Il manque la gestion des dns via /etc/resolv.conf

----------

## lateralus__

Salut,

voici, comme promis, les feedbacks concernant l'installation :

1. grub

impossible de faire fonctionner grub : diverses erreurs : Error 17, Could not find device for /boot/boot: not found or not a block device

par contre, lilo fonctionne   :Confused: 

2. noyau

le répertoire /usr/src (et les sous-répertoires) n'existent pas.

Où se trouve le noyau ?

L'installation d'un nouveau noyau s'est effectuée avec succès.

3. init script

A chaque démarrage, une configuration automatique de Xorg est effectuée, écrasant l'ancien fichier /etc/X11/xorg.conf.

Divers scripts de démarrage ont été supprimés : installation, xorg-..., mkxf86config, ... mais sans succès

En espérant que ces informations pourront t'aider ...

----------

## bouleetbil

Salut,

Merci pour les tests.

1. Pour GRUB, selon http://www.gentoo.org/doc/fr/grub-error-guide.xml il s'agit d'un système de fichier non reconnu par grub.
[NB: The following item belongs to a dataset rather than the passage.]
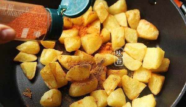 5、把土豆放入炒鍋內,灑入孜然粉、椒鹽粉和辣椒粉;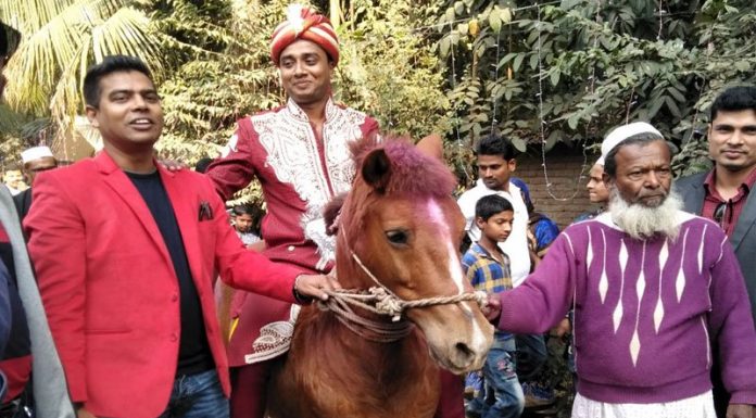 ভোলা নিউজ ২৪ ডটনেট।। ঘোড়ার পিঠে ও পালকীতে চড়ে বিয়ে করলেন পুলিশ অফিসার আশিকুর রহমান আশিক। গতকাল শনিবার নড়াইলের লোহাগড়ার রাজুপুর গ্রামে এ বিয়ে সম্পন্ন হয়।

Si c'est du reiser4, le patch pour grub qui permet de prendre en compte ce système de fichier ne fonctionne pas bien. Il faudra que je refasse des recherches   :Embarassed:   . C'est pour cela que j'avais ajouté LILO. Si LILO fonctionne  c'est déjà sa. Sinon, perso je préfère XFS.   :Laughing: 

2. Pour le noyau, pour gagner de la place, les sources ne sont pas sur le CD. Je vais les mettre sur le le site et publierait un message en retour.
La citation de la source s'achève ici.